The following plots the population health impact of the different event types broken down by injuries and fatalities.
library(ggplot2)## Warning: package 'ggplot2' was built under R version 3.1.3
library(grid)
library(gridExtra)## Warning: package 'gridExtra' was built under R version 3.1.3
fatalitiesPlot <-
ggplot(data=top10fatalities, aes(x=evtype, y=fatalities)) +
geom_bar(stat="identity",fill="#CC6666") +
coord_flip() +
xlab("Event Type") +
ylab("Total Fatalities") +
theme(legend.position = "none",
plot.title=element_text(face="bold",size=11),
axis.title=element_text(face="bold",size=11)) +
scale_x_discrete(limits=rev(top10fatalities$evtype)) +
ylim(0,15000) +
ggtitle("Total Fatalities Caused by\nDifferent Weather Events\nfrom 2001 to 2011\n")
injuriesPlot <-
ggplot(data=top10injuries, aes(x=evtype, y=injuries)) +
geom_bar(stat="identity",fill="#56B4E9") +
coord_flip() +
xlab("Event Type") +
ylab("Total Injuries") +
theme(legend.position = "none",
plot.title=element_text(face="bold",size=11),
axis.title=element_text(face="bold",size=11)) +
scale_x_discrete(limits=rev(top10injuries$evtype)) +
ylim(0,15000) +
ggtitle("Total Injuries Caused by\nDifferent Weather Events\nfrom 2001 to 2011\n")
overallhealthPlot <-
ggplot(data=top10healthimpactGroup,
aes(x=evtype, y=healthimpact, group=healthimpacttype, fill=healthimpacttype)) +
geom_bar(stat="identity") +
coord_flip() +
xlab("Event Type") +
ylab("Population Health Impact") +
theme(legend.position = c(.7,.1),
plot.title=element_text(face="bold",size=11),
axis.title=element_text(face="bold",size=11)) +
scale_x_discrete(limits=rev(top10healthimpact$evtype)) +
scale_fill_manual("Pop. Health Impact Type",
values=c("#CC6666","#56B4E9"),
labels=c("Fatalities","Injuries")) +
guides(colour=guide_legend(override.aes=list(size=4))) +
ggtitle("Overall Population Health Impact\nCaused by Different Weather Events\nfrom 2001 to 2011\nBroken Down by Health Impact Type")

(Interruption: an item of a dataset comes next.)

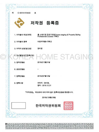 | 제목 | [2019-08-09] 한국홈스테이징 저작권 등록 <홈스테이징 전문가과정> | 작성일 | 2020-12-06 15:40 |

populationHealthPlot <- grid.arrange(overallhealthPlot, arrangeGrob(fatalitiesPlot,injuriesPlot, ncol=1), ncol=2)Figure 1. Top 10 Population Health Impact of Severe Weather Events Broken Down by Number of Fatalities and Injuries from 2001 - 2011.
The following plots the economic damages resulting from the different event types broken down by injuries and fatalities.
library(ggplot2)
library(grid)
library(gridExtra)
propdmgPlot <-
ggplot(data=top10propdmg, aes(x=evtype, y=propdmg, fill="#56B4E9")) +
geom_bar(stat="identity",fill="#CC6666") +
coord_flip() +
xlab("Event Type") +
ylab("Total Property Damage ($ Millions)") +
theme(legend.position = "none",
plot.title=element_text(face="bold",size=11),
axis.title=element_text(face="bold",size=11)) +
scale_x_discrete(limits=rev(top10propdmg$evtype)) +
ylim(0,150000) +
ggtitle("Total Property Damage Caused by\nDifferent Weather Events\nfrom 2001 to 2011\n")
cropdmgPlot <-
ggplot(data=top10cropdmg, aes(x=evtype, y=cropdmg, fill="#CC6666")) +
geom_bar(stat="identity",fill="#56B4E9") +
coord_flip() +
xlab("Event Type") +
ylab("Total Crop Damage ($ Millions)") +
theme(legend.position = "none",
plot.title=element_text(face="bold",size=11),
axis.title=element_text(face="bold",size=11)) +
scale_x_discrete(limits=rev(top10cropdmg$evtype)) +
ylim(0,150000) +
ggtitle("Total Crop Damage Caused by\nDifferent Weather Events\nfrom 2001 to 2011\n")
overalldmgPlot <-
ggplot(data=top10economicdmgGroup,
aes(x=evtype, y=economicdmg, group=economicdmgtype, fill=economicdmgtype)) +
geom_bar(stat="identity") +
coord_flip() +
xlab("Event Type") +
ylab("Economic Damage ($ Billions)") +
theme(legend.position = c(.7,.1),
plot.title=element_text(face="bold",size=11),
axis.title=element_text(face="bold",size=11)) +
scale_x_discrete(limits=rev(top10economicdmg$evtype)) +
scale_fill_manual("Economic Damage Type",
values=c("#CC6666","#56B4E9"),
labels=c("Property Damage","Crop Damage")) +
guides(colour=guide_legend(override.aes=list(size=10))) +
ggtitle("Overall Economic Consequences\nCaused by Different Weather Events\nfrom 2001 to 2011\nBroken Down by Damage Type")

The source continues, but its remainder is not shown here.